Thursday, July 3, 2008

Philadelphia Pay Per View

I’m feeling a bit like a curmudgeon as I leave Philadelphia’s City Hall without seeing the view of the city from under William Penn’s shoe. Years ago I found this tower by following small signs painted on the floor of the massive 1870s structure that said “to the tower” with a line to follow. “Heck yeah,” I said in 1982 and followed it to a surprise and delight – a rickety elevator with a rickety elevator operator who said “you want to go to the tower? Well, okay.” And, off we went on a harrowing 548 foot high ride to see the city from a chain link cage – a real experience that is now a gift shop ticketed, scheduled, guided tour that costs $10 per person. Turning this oddity into an attraction, sanitized and tailored for tourism has stipped it of its charm and, for me, this turns it into a pass for this trip. Bummer.

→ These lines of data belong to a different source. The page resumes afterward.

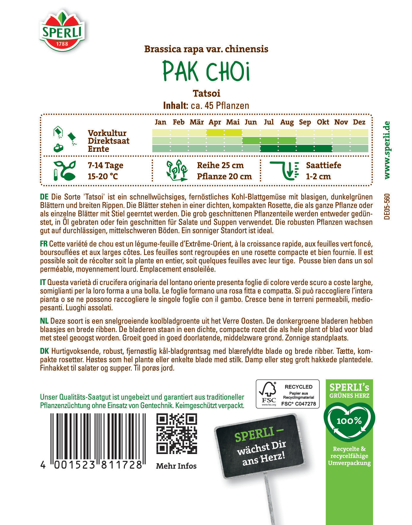 | Kurzbezeichnung : | Pak Choi Tatsoi |
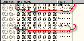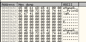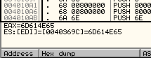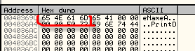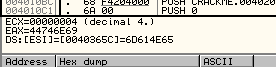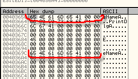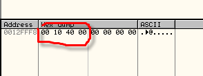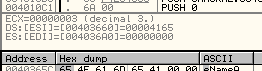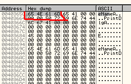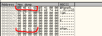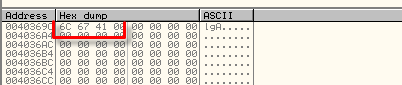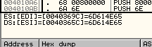 От предыдущих примеров по адресам 40365C и 40369C осталось то, что видим в дампе.
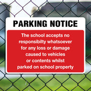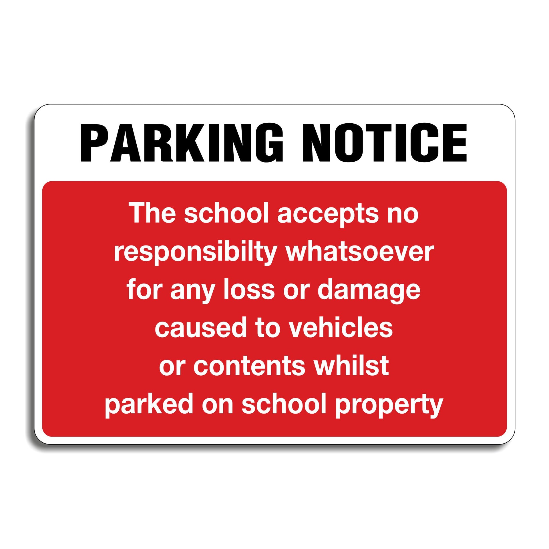 Parking Notice The School Accepts No Responsibility Whatsoever For Any Loss Or Damage Caused To Vehicles Sign
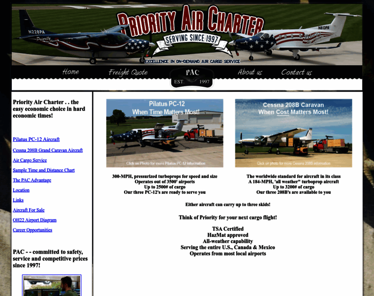 Priority Air Charter is an independent private passenger flight and freight hauling company. Anything from a letter pack to palletized freight we can take care of it. With 24 hour dispatch you can talk to a real person when you call. Compare us to private jet charters and you might be surprised at the savings and speed we offer on our private passenger charters.
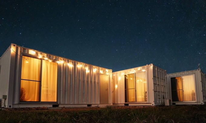 The container house consists of 3 buildings 2 bedrooms and 1 dining room Each bedroom has a semidouble bed shower and toilet
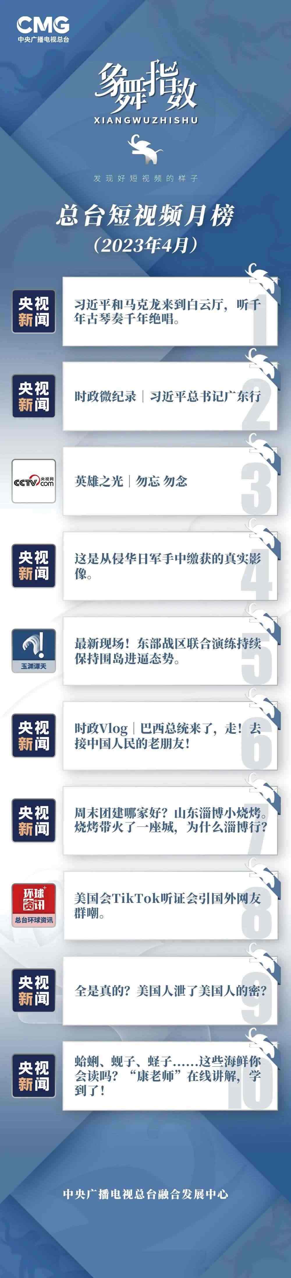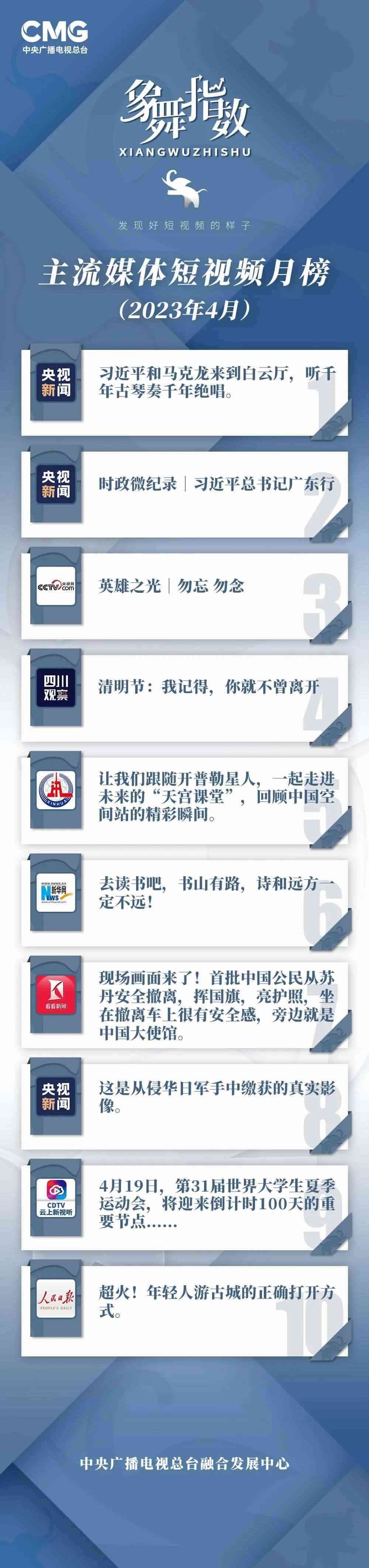 中央廣播電視總臺(tái)“象舞指數(shù)”評(píng)議品牌,推出主流媒體短視頻月榜、總臺(tái)短視頻月榜。在2023年4月,這些內(nèi)容引發(fā)大眾關(guān)注:
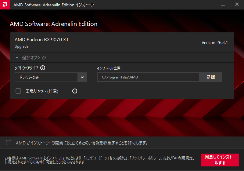 AMDの赤いインストーラーは、「ドライバーのみ(Driver Only)」を選んだとしても、純粋なディスプレイドライバーだけでなく、AMD Crash Defender(クラッシュ時の復旧ツール)や AMD External Events Utility(ホットキーやFreeSyncの制御機能)といったバックグラウンドサービスをOSに強制登録する仕様になっています。
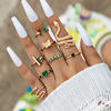 Fleepmart Luxury Green Crystal Stone Snake Joint Ring Sets Pretty Butterfly Geomtry Open Ring Jewelry for Women 8pcs/sets
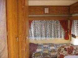 lit permanent de 120 + éventuellement 1 enfant ( le coin dinette se transforme en petit lit de 80 X 160),cabinet de toilettes,
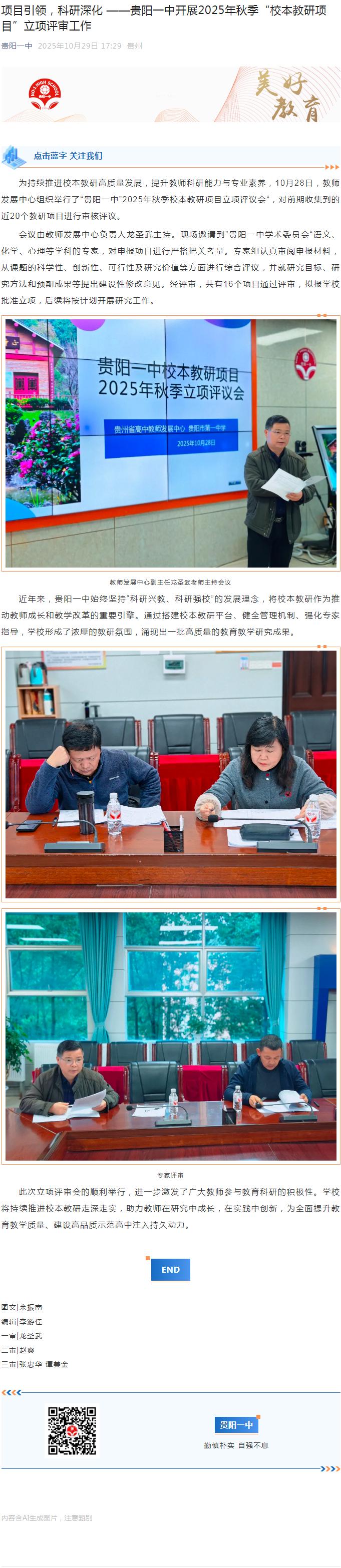 项目引领,科研深化 ——贵阳一中开展2025年秋季“校本教研项目”立项评审工作
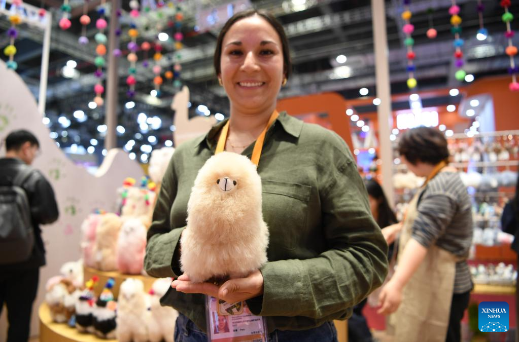 An exhibitor shows an alpaca stuffed toy at the booth of Warmpaca during the seventh China International Import Expo (CIIE) in east China's Shanghai, Nov. 5, 2024. The newest edition of the CIIE, the world's first national-level exposition dedicated to imports, opened on Tuesday in Shanghai. (Xinhua/Jin Mamengni)
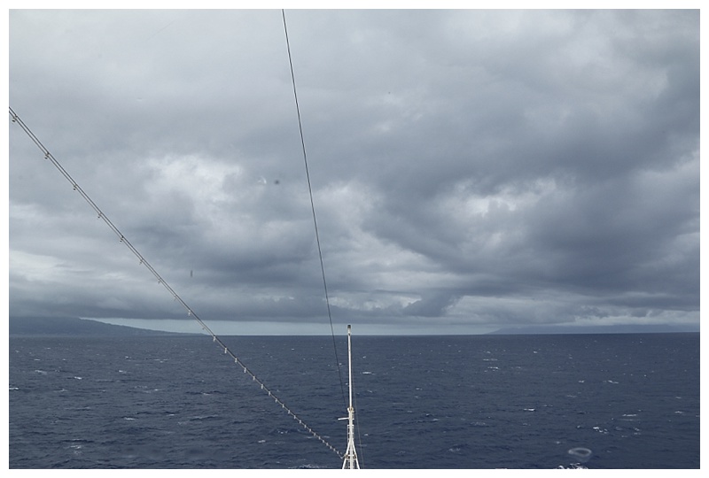 As predicted, there was a considerable change in the weather after we had departed Nuku Hiva. Stronger winds, a higher swell and clouds, at times dark and leaden, as they were as we approached Papeete.
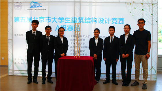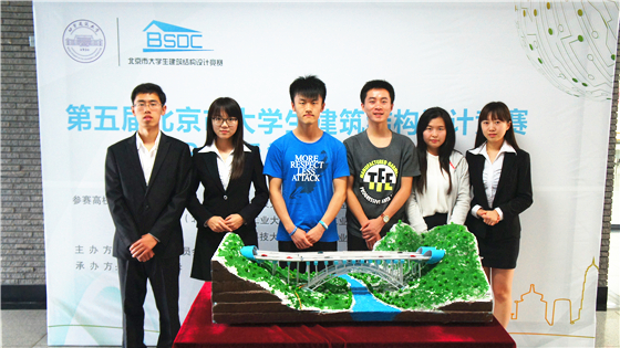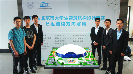 B组赛题(结构方向)以蚌埠体育馆设计为赛题内容,以刘宇为队长的“贝壳土木人队”,别具匠心地融合了蚌埠当地文化(蚌埠古代称珍珠城)和北科大文化(谐音贝壳),以珍珠为设计理念,体育馆顶部采用类似贝壳的球形屋盖,下部采用蓝色玻璃幕墙,使建筑整体呈现珍珠状,并命名为“贝壳明珠”,最终获得B组结构方向一等奖。
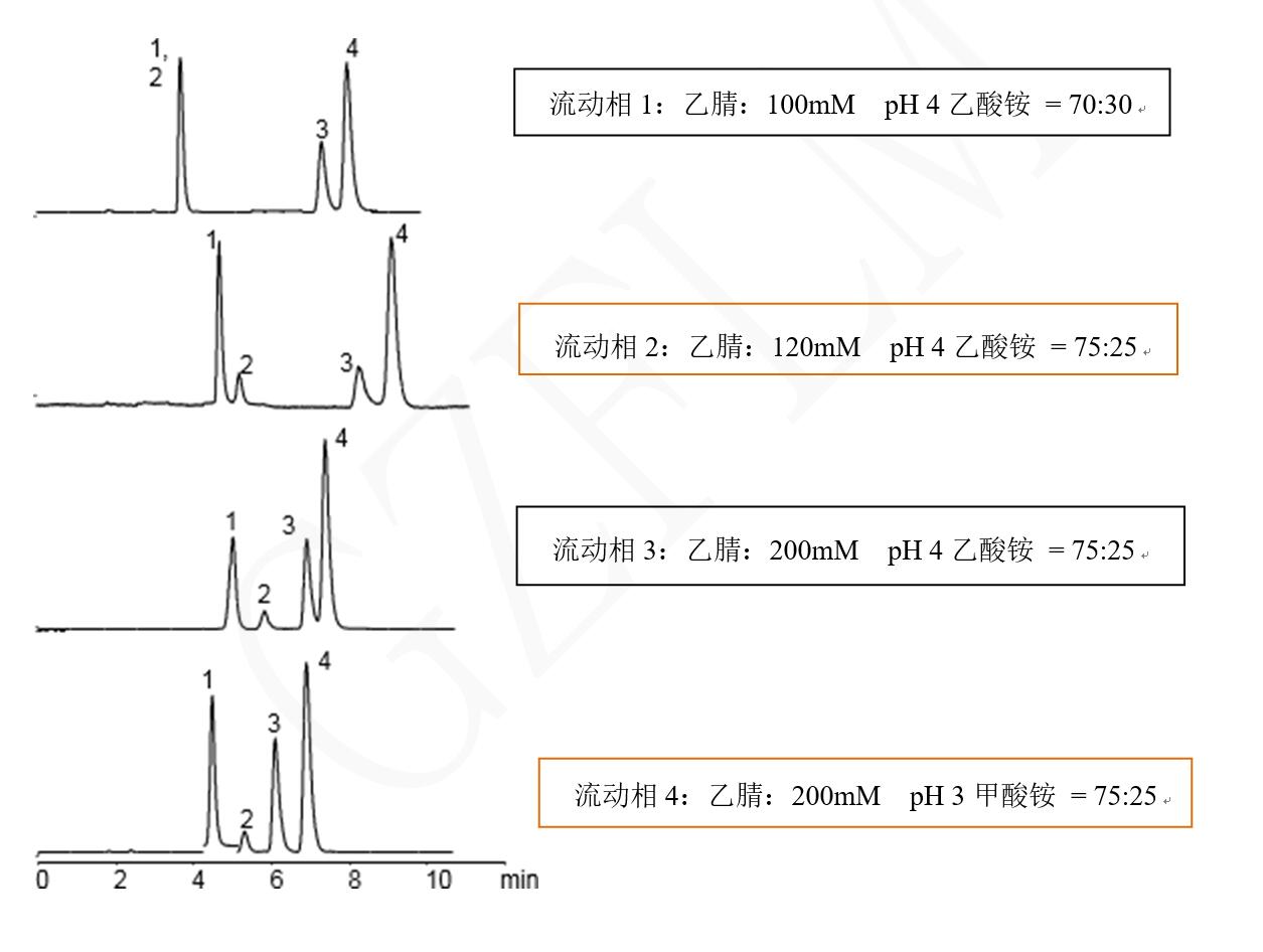 說(shuō)明:本案例中乙腈比例及緩沖鹽種類(lèi)和強(qiáng)度的變化帶來(lái)磷霉素與庶糖的0分離到完全分離的變化, 以及保留時(shí)間上的變化。

We’ve seen this often on our cross country journey – state parks, national parks, and even monuments where you have to pay to see history that “we the people” already own. I know it’s more mature to think of this as paying for maintenance, but in our society of spoon-fed infotainment shouldn’t we encourage visits to places where you can actually learn about real, historic events without a financial disincentive?

Philadelphia still has two such gems: The Liberty Bell and Independence Hall. The Bell, once the Pennsylvania State House Bell is a man-made marketing hook for the new idea of liberty that our founding fathers were selling. This was a campaign whose success permeates our culture to this day. And, by the way, it does give you a little chill up the spine to see it up close – really, and I’m a skeptic about this type of thing.

Independence Hall is a hallowed place – protected from damage by guards and from ignorance by some of the most knowledgeable and genuinely enthusiastic park service employees in the country. Our guide engaged us in the torrent of this moment in history, peppered his tale with descriptions of the penalties for treason, and linked to our present experience by evoking the film National Treasure set in part in this room. And, that’s no small task because let’s face it, it’s a conference room – desks, chairs, books, pens, etc. A PC projector and some molding is all that separates this room from every conference room you’ve ever seen. That is, until you realize that George Washington sat in that chair while the framers decided there should be an executive branch. Though the cost of our freedom was high, the admission to this tour is no charge. And, that’s Priceless.


helveticabald said...

A very happy 4th to your family, as you appropriately spend it in "The Birthplace of the United States." Found your journey featured in USA Today as well. Very cool!

I'd love to see the picture of the inside of that Honda when you're through with it! Good luck on the home stretch.

Kelley Styring said...

Usually I torture my children with a reading of the Declaration of Independence. It's the price they pay before setting off a few driveway fireworks. This year they got the real deal. And, it was cool, even to them.

Yep, we trashed the car. We turned it in with dirt from every state and a little bird poop to boot. And, the inside was a big mess. We cleaned out the trash, but not before taking photos. I'll post those soon. cheers!